Q&A: Timo Steffens | Decipher
Timo Steffens, private security researcher and author of Attribution of Advanced Persistent Threats, discusses some of the major hurdles researchers face in attribution.
Lindsey O’Donnell-Welch: What are the biggest current challenges impacting the attribution process?
Timo Steffens: There are three big challenges: data, group definitions and generic attack techniques. [For data,] Strong attribution requires a variety of analytical skills, ranging from malware analysis to forensic log analysis, infrastructure tracking, language skills, and geopolitical analysis. However, most of these skills are useless if you don’t have access to substantial and large amounts of data. The amount of data is important for two reasons: first, the more data you have about attacker activity, the higher the likelihood that attackers were wrong about the activity covered by the data. And second, you can also perform attribution without attackers making mistakes, but then you need enough data to identify patterns. A simple example of these patterns is the timestamp of attacker activity. Two timestamps alone don’t form a pattern, but if you have a lot of timestamps, you might be able to identify a timezone that points to the origin or at least the attackers workplace (of course, a timezone doesn’t will be only a small piece of the overall puzzle that attribution analysis must solve). Additionally, much of the data that can help with attribution is difficult to access, due to privacy, GDPR, or EULAs. For example, as an academic researcher, you might find it difficult to obtain detailed data (like internal log files) from a company that has been the victim of a cyberattack. Additionally, it is difficult to access a copy of a control server used by attackers. Usually, only law enforcement agencies have the mandate to request this data.

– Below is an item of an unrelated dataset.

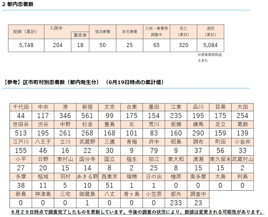 区市町村別の上位は6月19日の時点で、新宿区561人(+10)、世田谷区513人(+3)、港区346人(0)、練馬区290人(+3)、杉並区268人(0)となった。
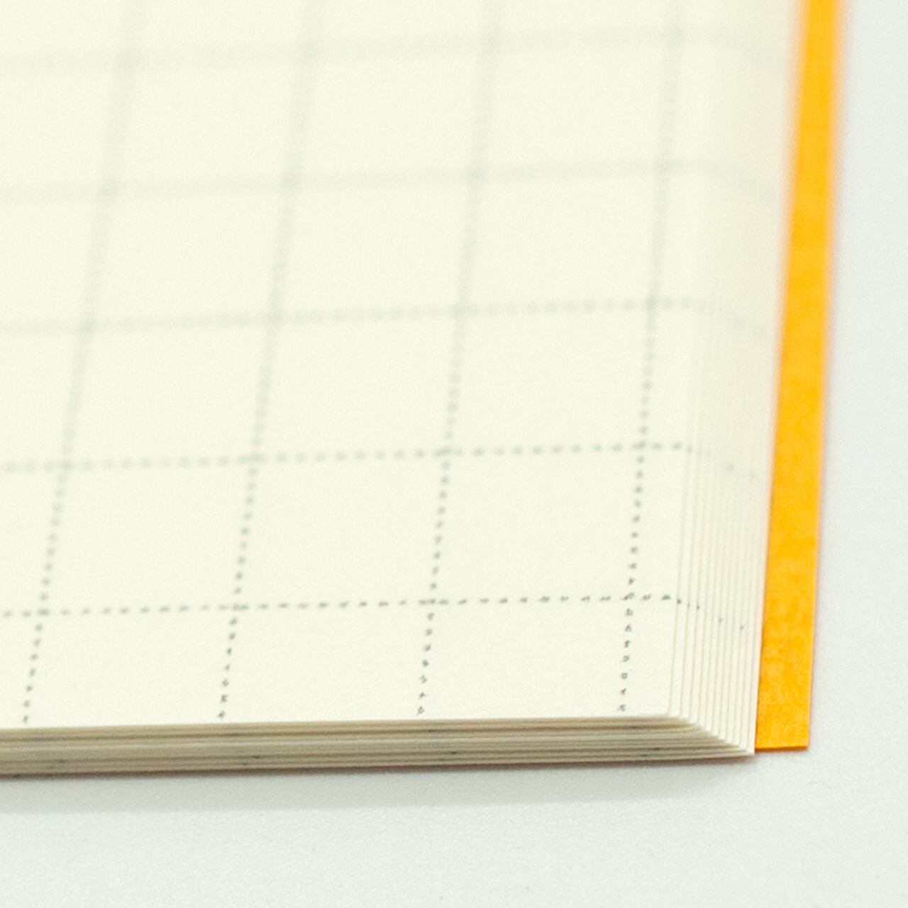 左ページが無地、右ページが方眼のユニークなレイアウトで、アイデアメモ・スケッチ・会議ノートにもぴったりな中綴じノートです。

[For group definitons,] the most public and political attention is given to the last stage of attribution, which is the identification of the country of origin. But it is important to remember that the allocation consists of several phases. This is what I call the “4C model”: Collect, Aggregate, Charge and Communicate. First you need to collect data of different types from different sources. Next, group attacks that are technically and strategically similar, assuming they were carried out by the same actors. This step is called “clustering” because it places all data points and artifacts that might belong to the same culprits in a fancy bucket like “APT28” or “PutterPanda” etc. Then you can work on all that data to “load” and try to identify the country, organization, agency, or even individuals behind the attacks. And finally, you can decide if and how you want to communicate your results. The point here is this: the real magic happens in the grouping phase. This is really the hardest part to understand. If you carefully examine threat reports from different security companies, you will notice that they generally do not disagree on the likely country of origin. But they all strongly disagree on the exact definition of a group: does this control server belong to group A or group B? Is this malware family used exclusively by one group (so that all attacks with this malware family can be attributed to the same group), or is the malware shared? More so, this problem of group definitions (i.e. grouping) becomes more difficult over time, because groups are not static and monolithic. Malware developers and operators can change jobs and affiliations, get promoted and transferred to another team, decide to start their own business and work as an entrepreneur. In all of these cases, they are likely to take with them tools, source code, or just a few ideas and habits, which will later lead security analysts to attribute them to their old group of attackers. Threat Intelligence is full of attack groups believed to have been active for a decade or more. It is difficult to decide when these group definitions should be removed and redefined.
[For generic attack techniques,] clustering (tying an attack to a group definition) is straightforward if attackers use their own malware or idiosyncratic techniques. Unfortunately, many attackers decide to use tools and techniques that are freely available and therefore not specific to certain groups. Examples of this are freely available penetration testing frameworks like Empire or Mimikatz or even copies of Cobalt Strike.